WASHINGTON (MNI) – Industrial production fell more than expected in
August, falling by 1.2% largely on weakness in manufacturing, mining and
utilities. However, the Federal Reserve said that Hurricane Isaac likely
decreased production by an estimated 0.3 percentage point in the month.

“Hurricane Isaac restrained output in the Gulf Coast region at the
end of August,” the Fed said, adding “precautionary shutdowns of oil and
gas rigs in the Gulf of Mexico in advance of the hurricane contributed
to a drop of 1.8 percent in the output of mines for August.”

While Isaac weighed on lifting, the record heat wave that hit the
contiguous U.S. in July moderated in August and already reported
manufacturing surveys from the Institute of Supply Management hinted
that manufacturing was weaker in August.

July industrial production was also revised down to +0.5% from the
previously reported +0.6% and capacity utilization fell from 79.2% in
July to 78.2%.

Even allowing for the impact of Isaac the report was still very
weak and the decline in industrial production was the largest since
March 2009 when it fell 1.7%. Extracting Isaac’s depresing effect, IP
still fell 0.9% which would have be the largest decline since May 2009.

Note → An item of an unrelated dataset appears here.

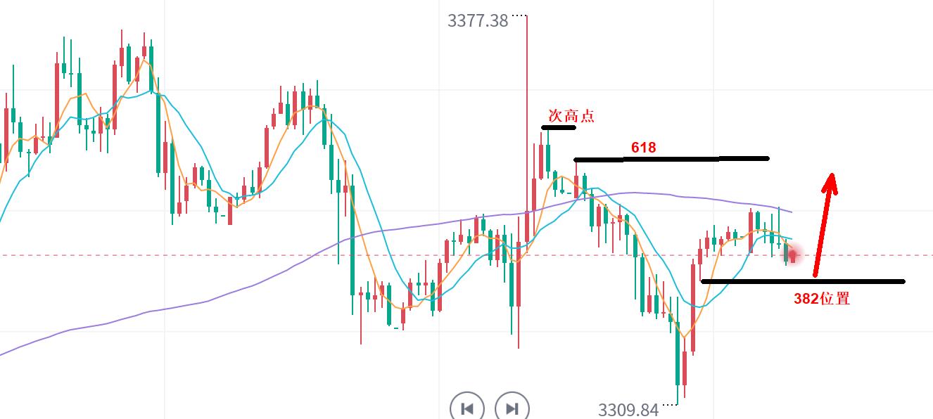 日内需要考虑的位置3330一线,这是昨日上升回撤382位置,通常前一次上升,第二次进场位置三个:

“The declines were more widespread than generally expected with
drops in autos, machinery, computers and utilities,” John Silvia, chief
economist at Wells Fargo said in a note.

“A return to sustained robust growth is problematic given the many
headwinds the economy faces,” Steven Wood, chief economist at Insight
Economics said in an email, adding “With the inventory cycle complete,
industrial activity will only strengthen if there is a strengthening in
final demands, particularly consumer durable goods spending.